Realize control by functional unit " inlet control " PC to route unit R E and functional block " port ", " configuration ROM ", " PHY ", " link " and " transaction ".
According to the present invention, the memory F of bridge has bridge-gateway-firewall functionality (BGF), and via its content and/or capacity of controlling the data that flow into and flow out, described data flow is through FIFO memory F.Reserved the memory areas above two for synchrodata.Be provided with two request memory areas and two answerback memory districts for asynchronous data.
Control to content and/or capacity can be realized or is determined in advance regularly by higher level's example BGF.

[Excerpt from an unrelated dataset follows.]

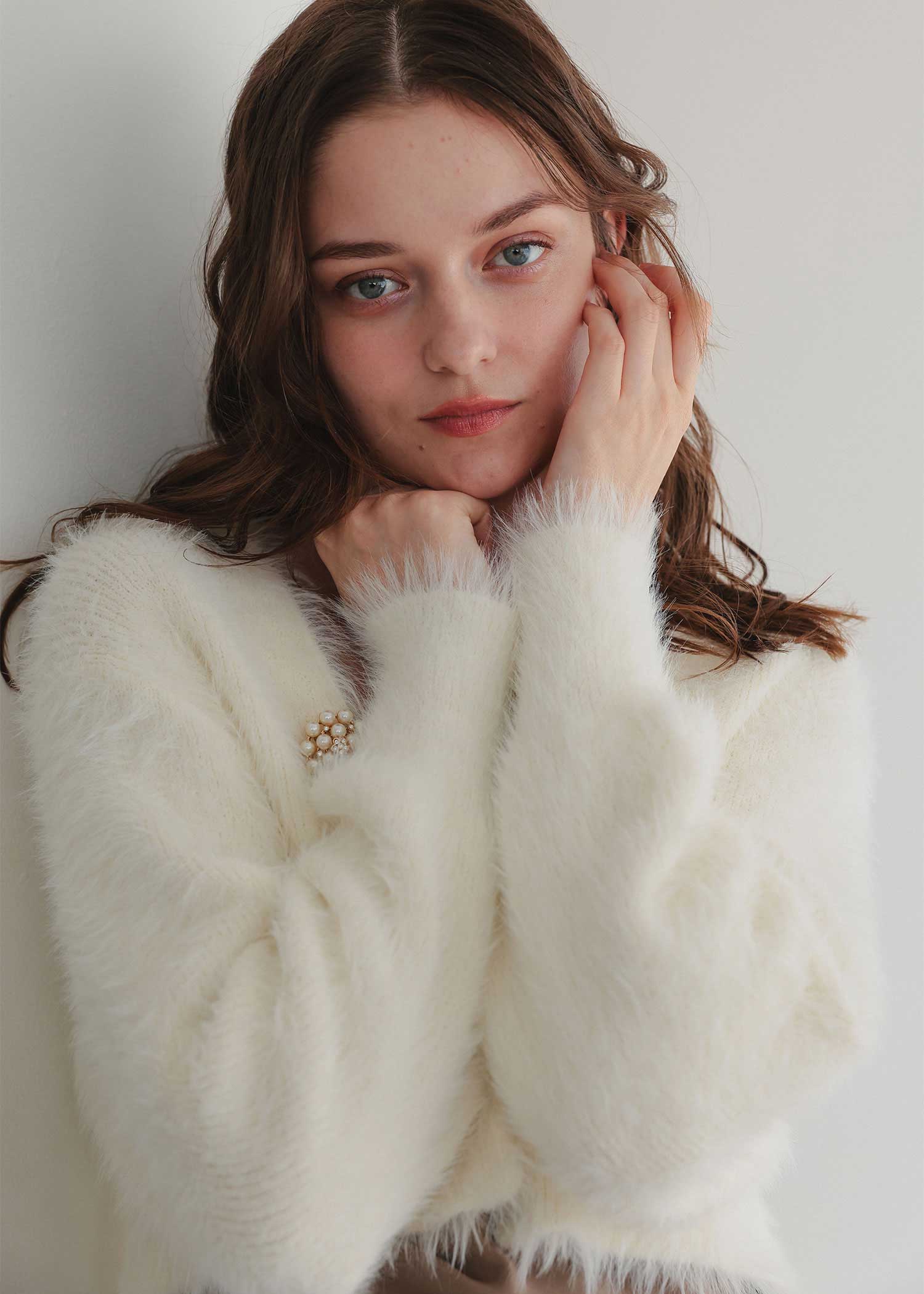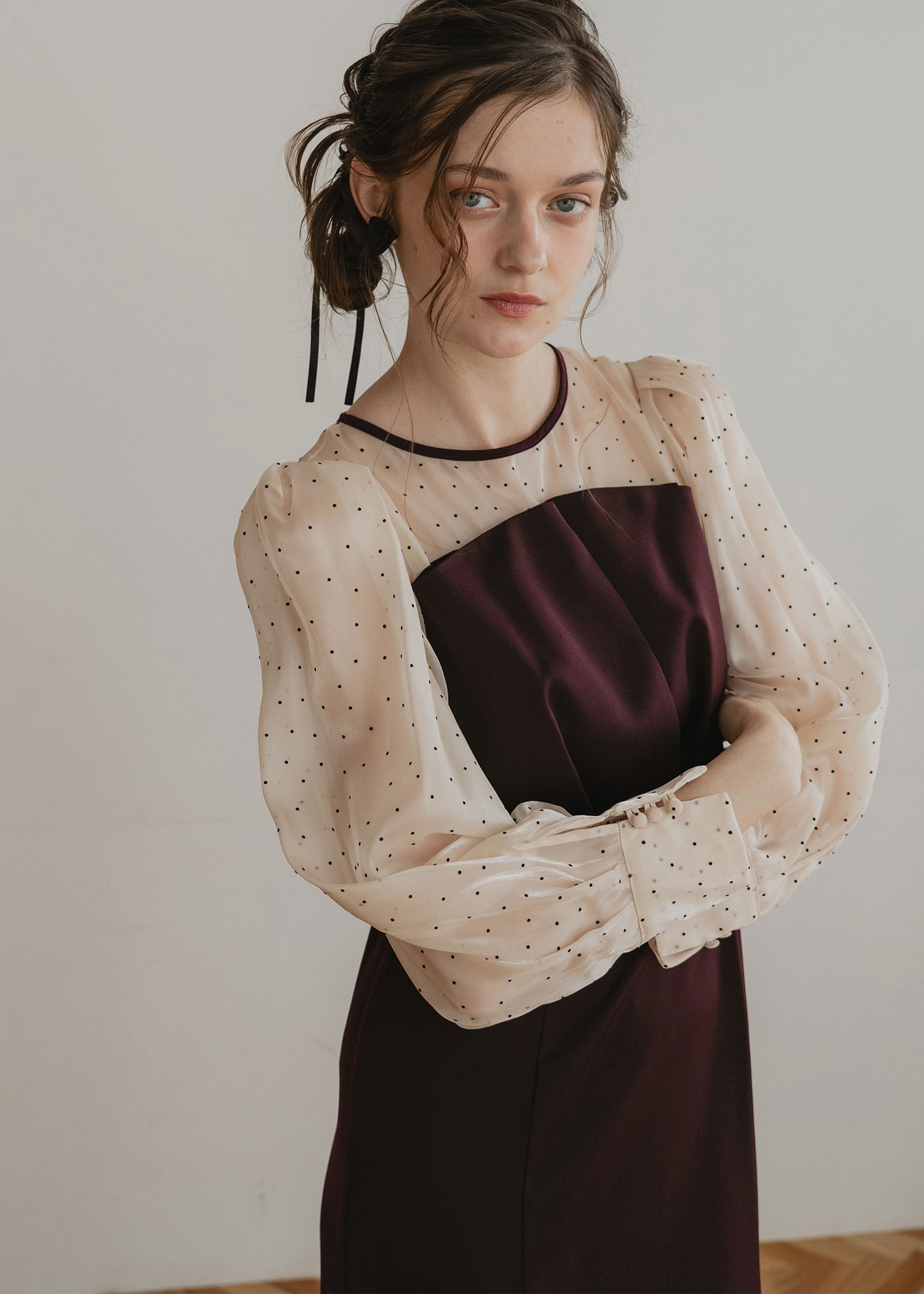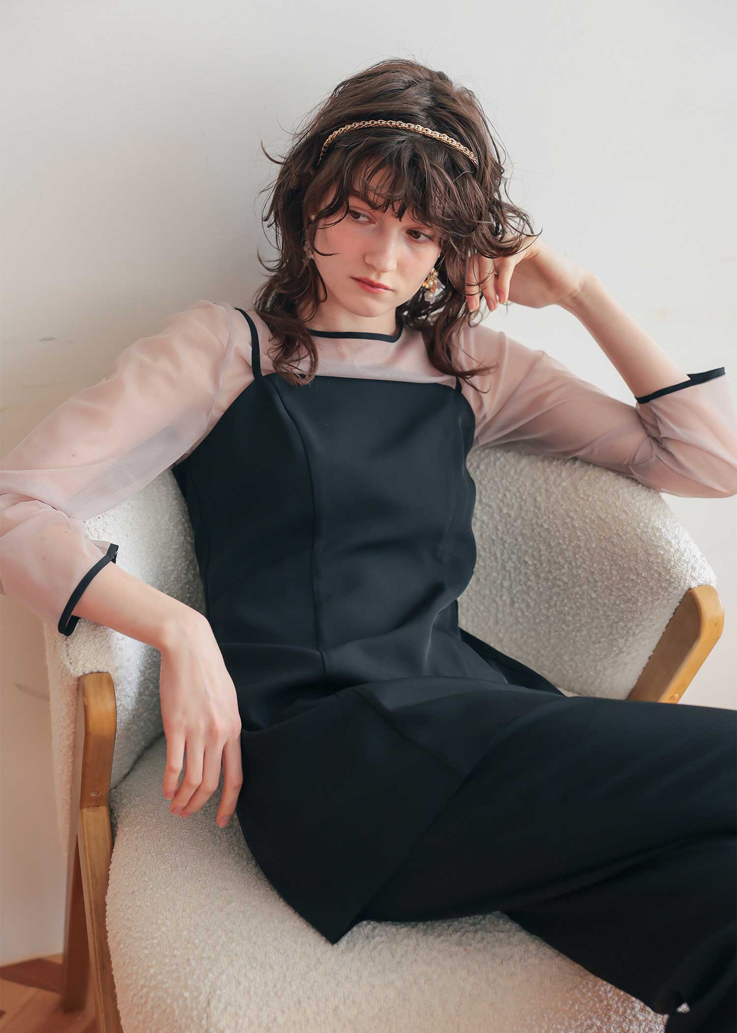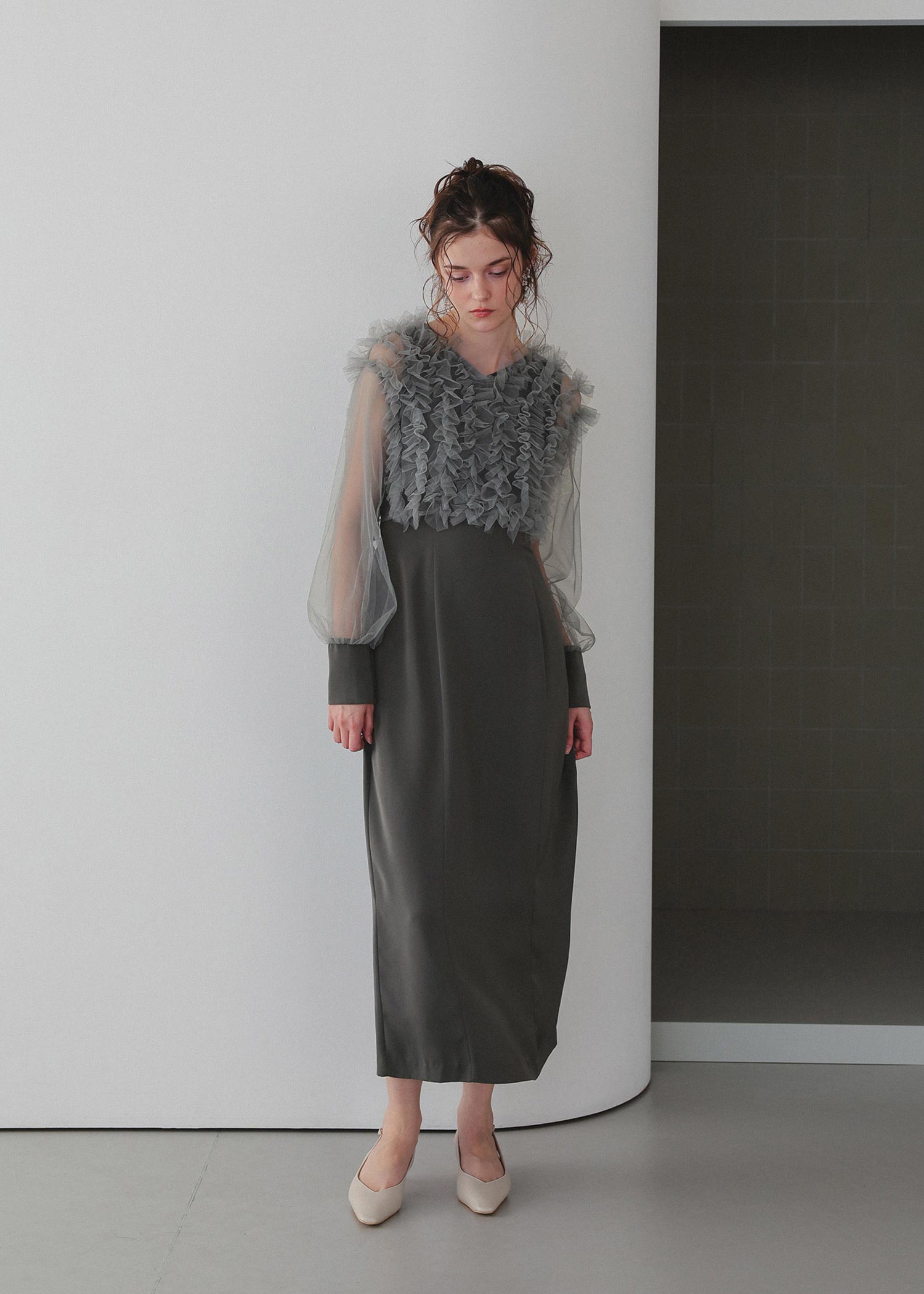 シアー&フリルのブラウスが可愛らしさを引き立て

By checking and control data, for from a bus portion by the data flow of bridge to next bus portion, inlet control or various filtering function (for example packet filter) are possible.This be via bridge reliably and the basis of the transfer of data that is protected.At length, " bridge-gateway-firewall functionality " provides protection to the connection (for example assault) of violating original idea, perhaps stops without permission by bridge switch ciphertext data.Bridge-gateway-firewall functionality can be configured, and perhaps obtains the necessary information about the suitable software interface of higher level's example (software layer that for example has management and configuration task).In addition, can dispose the bridge-gateway-firewall functionality of each single bridge individually.That is to say that each bridge and other bridge irrespectively can not carried out gateway or firewall functionality or carry out one and a plurality of functions of gateway or fire compartment wall.

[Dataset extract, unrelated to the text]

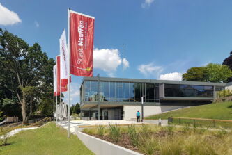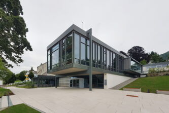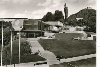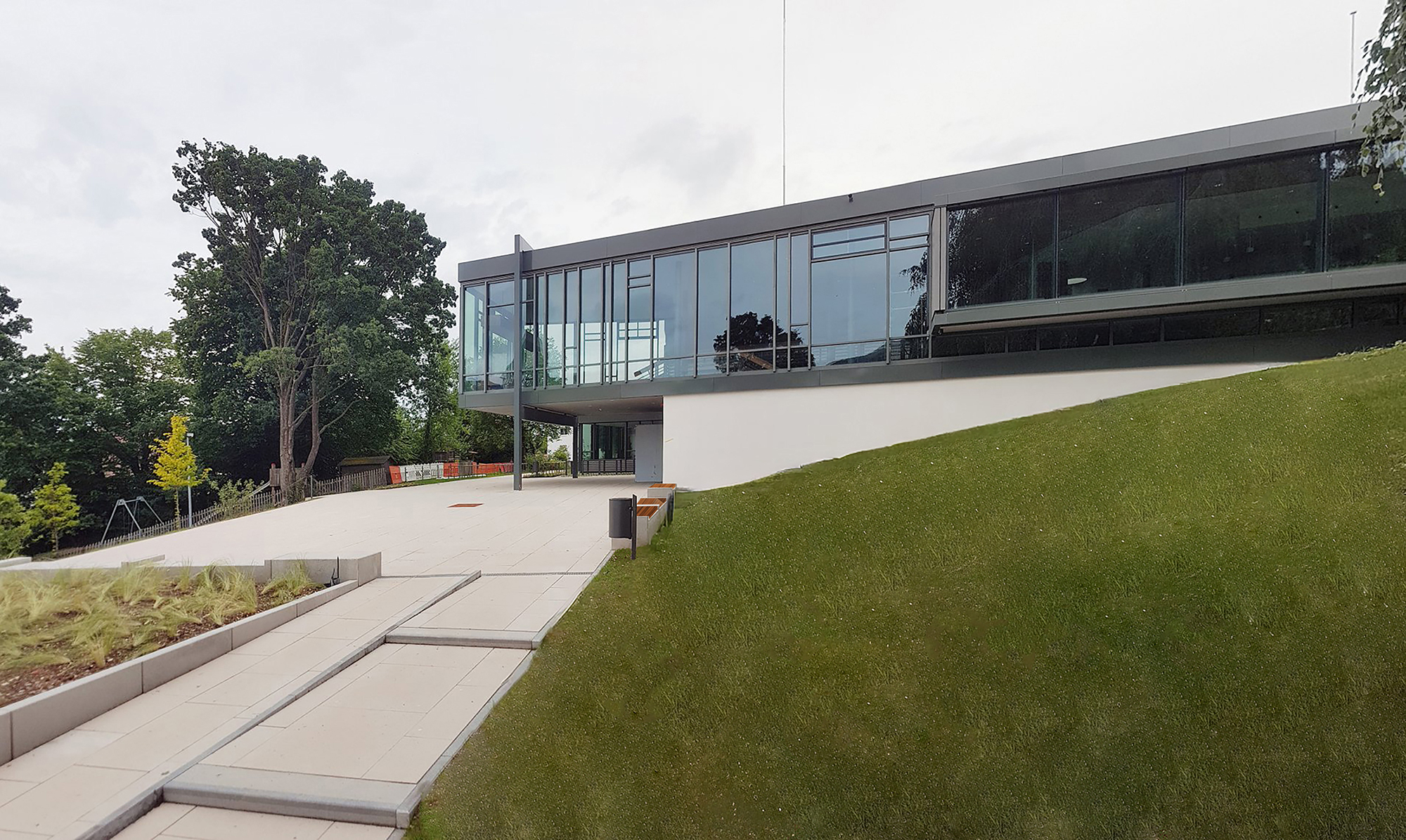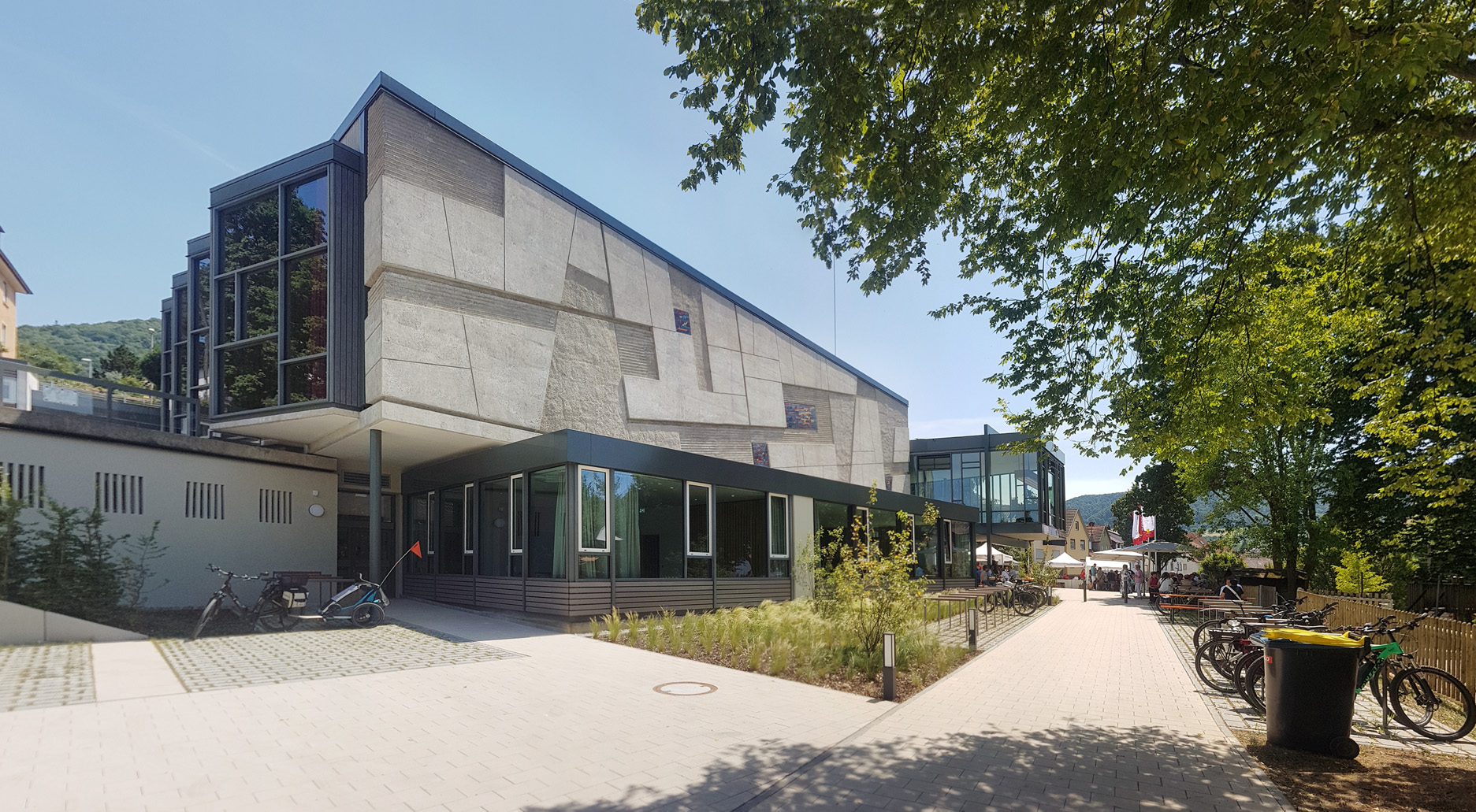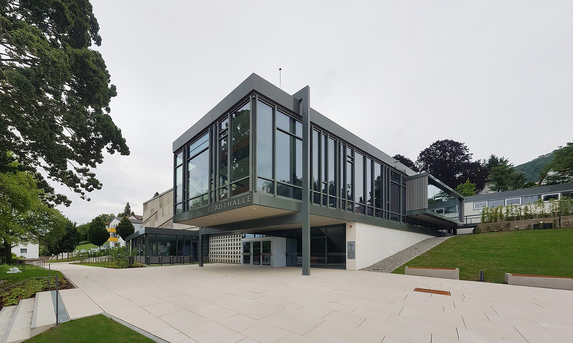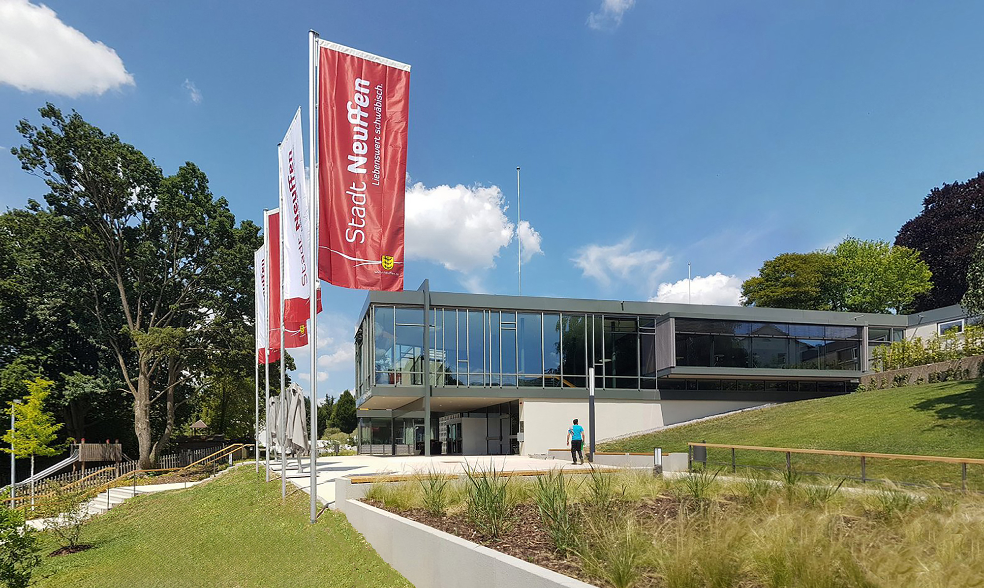 Mit der Sanierung der Stadthalle in Neuffen wurde auch das Umfeld neugestaltet und aufgewertet. Ziel der Maßnahmen ist die optimale Integration der in Hanglage sich befindenden Gebäudeteile in den Bestand und den umgebenden Stadtraum. Der Zugang ist nun komplett barrierefrei möglich. Über die große Freitreppe kommend, öffnet sich der Vorplatz am Haupteingang und bietet neben den Stellplätzen für Fahrräder auch Sitzbänke zum Verweilen. Auf der Zwischenebene (ehem. Restaurant) befindet sich die Aussenterrasse mit Ausblick über die Stadt.

This bridge-gateway-firewall functionality can for example be made up of a so-called control unit CU and a bridge-gateway-firewall functionality (according to the BGF module of Fig. 3), and this bridge-gateway-firewall functionality can be analyzed and handle the data (content and capacity) of the memory F of the bridge of flowing through.Can be on the different aspects, especially carry out the analysis of data in the different layers at the OSI-reference model.That is to say that on nethermost (physics) aspect, the 1394-grouping information can be examined, still not only the content of 1394-header but also valid data also can accurately be analyzed.Therefore, the data of higher level (for example IP data) are up to data and user data to application layer.Because the scope of possible data analysis is proportional with needed time for this reason, the described time depends on the computational efficiency of processor again, so the scope of this possible data analysis is configured especially scalablely.That is to say, different filtering rules is arranged, and these filtering rules are configurable.Can begin to dispose all functions of these filtering rules and bridge-gateway-fire compartment wall from higher level's software layer (for example management-and configuration layer BMC).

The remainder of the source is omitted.